Availability represents the time when a system can serve users normally. Let’s make another comparison. Again, we have two systems handling ten thousand requests per second. One system can operate without interruptions or faults all year round, while the other experiences occasional downtime for maintenance. As a user, which system would you choose? The answer is obvious.

Another well-known term is “scalability”, which is also a factor to consider in high concurrency system design. Why? Let me provide a specific example.

Traffic can be categorized as normal traffic and peak traffic. Peak traffic may be several times or even tens of times higher than normal traffic. When dealing with peak traffic, we usually need to make more preparations in terms of architecture and solutions. For example, Taobao spends half a year preparing for Double Eleven, and even the seemingly flawless Weibo system can become unavailable in the face of hot events like “celebrity divorces”. A system that is easy to scale can quickly expand its capacity in a short period of time and handle peak traffic more smoothly.

High performance, high availability, and scalability are the three goals we pursue when designing high concurrency systems. In the next three lessons, I will explain how to design high-performance, highly available, and scalable systems under high concurrency and heavy traffic.

After understanding these concepts, let’s formally move on to today’s topic: how to improve system performance?

Performance Optimization Principles #

“The world’s martial arts, only fast without break.” Performance is the key to the success of system design, and achieving high performance is also a challenge to the individual capabilities of programmers. However, before we understand the methods to achieve high performance, let’s first clarify the principles of performance optimization.

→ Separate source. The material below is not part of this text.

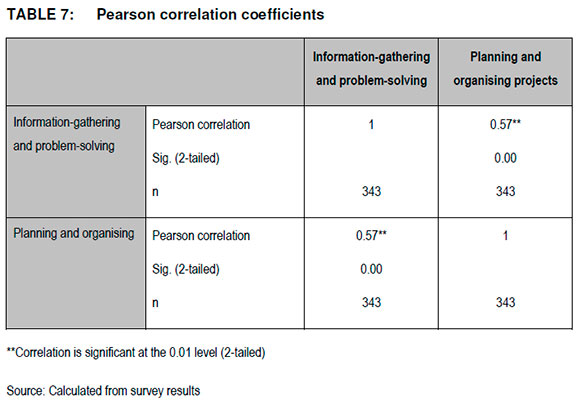 Pearson product-moment correlation coefficients were used to investigate the relation between the two constructs, 'information-gathering' and 'problem-solving', and planning and organising competencies. The results are indicated in Table 7.
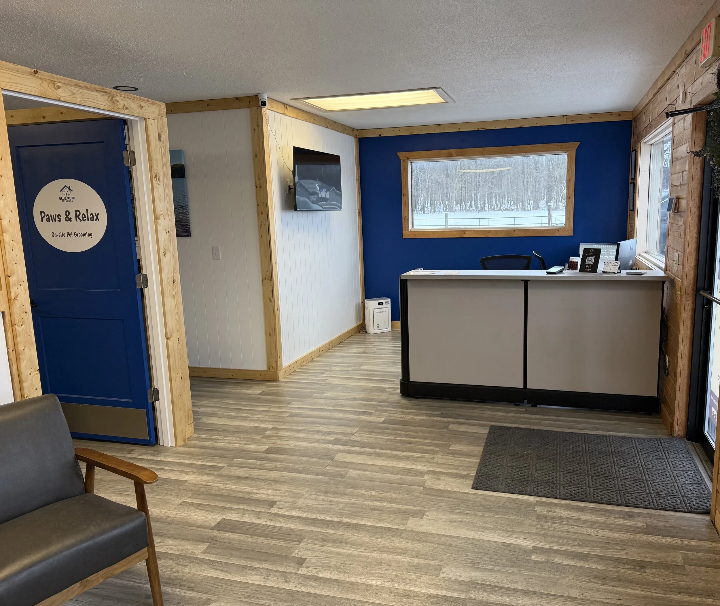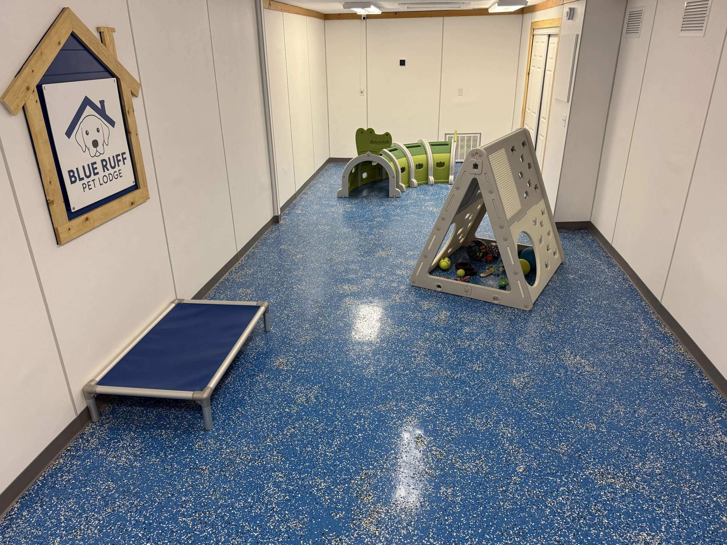 At Blue Ruff Pet Lodge, we’ve designed our facility with comfort, safety, and fun in mind. We have established spacious indoor and outdoor play areas, cozy climate-controlled lodging, and a 24/7 camera monitoring system. Also, we offer multiple kennel suite types to fit individual needs and custom cat condos for low stress time away from home. Additionally, with an on-site professional grooming studio, by Paws & Relax, you are able to take advantage of scheduled appointments for grooming services or conveniently add on these services during your pet’s next stay

First of all, performance optimization must not be blind, it must be problem-oriented. Without the problem, blindly optimizing prematurely will increase the complexity of the system, waste the time of developers, and because some optimizations may involve trade-offs in business considerations, it may also harm the business.

Secondly, performance optimization also follows the “80/20 rule”, which means you can solve 80% of the performance problems with 20% of the effort. Therefore, in the optimization process, we must grasp the main contradictions and prioritize optimizing the main performance bottlenecks.

Furthermore, performance optimization must have data support. During the optimization process, you should always be aware of how much the response time has decreased and how much throughput has been improved by your optimizations.

Finally, the process of performance optimization is continuous. High-concurrency systems are usually systems with relatively complex business logic, so the performance problems that occur in these systems usually have multiple causes. Therefore, when we do performance optimization, we need to define clear goals, for example, supporting a throughput of 10,000 requests per second with a response time of 10ms. We need to continuously search for performance bottlenecks, establish optimization plans, until the goal is achieved.

With the guidance of these four principles, mastering the methods of troubleshooting common performance issues and optimization techniques will definitely make you more proficient in designing high-concurrency systems.

Performance Metrics #

The third principle mentioned in performance optimization states that we need to have measurement standards for performance. By having data, we can clearly identify existing performance issues and evaluate the effectiveness of performance optimization. Therefore, it is crucial to have clear performance metrics.

Generally speaking, the metric for measuring performance is the response time of the system interface. However, the response time of a single request is meaningless. You need to know what the performance is like over a period of time. Therefore, we need to collect the response time data for this period of time and calculate certain statistical indicators to represent the performance during that time. The following are some common statistical indicators:

Average

As the name suggests, the average is obtained by summing up the response time data of all requests during a period of time and dividing it by the total number of requests. The average can reflect the performance of that period to some extent. However, its sensitivity is poor. If there are a few slow requests during that time, the average may not reflect the situation accurately.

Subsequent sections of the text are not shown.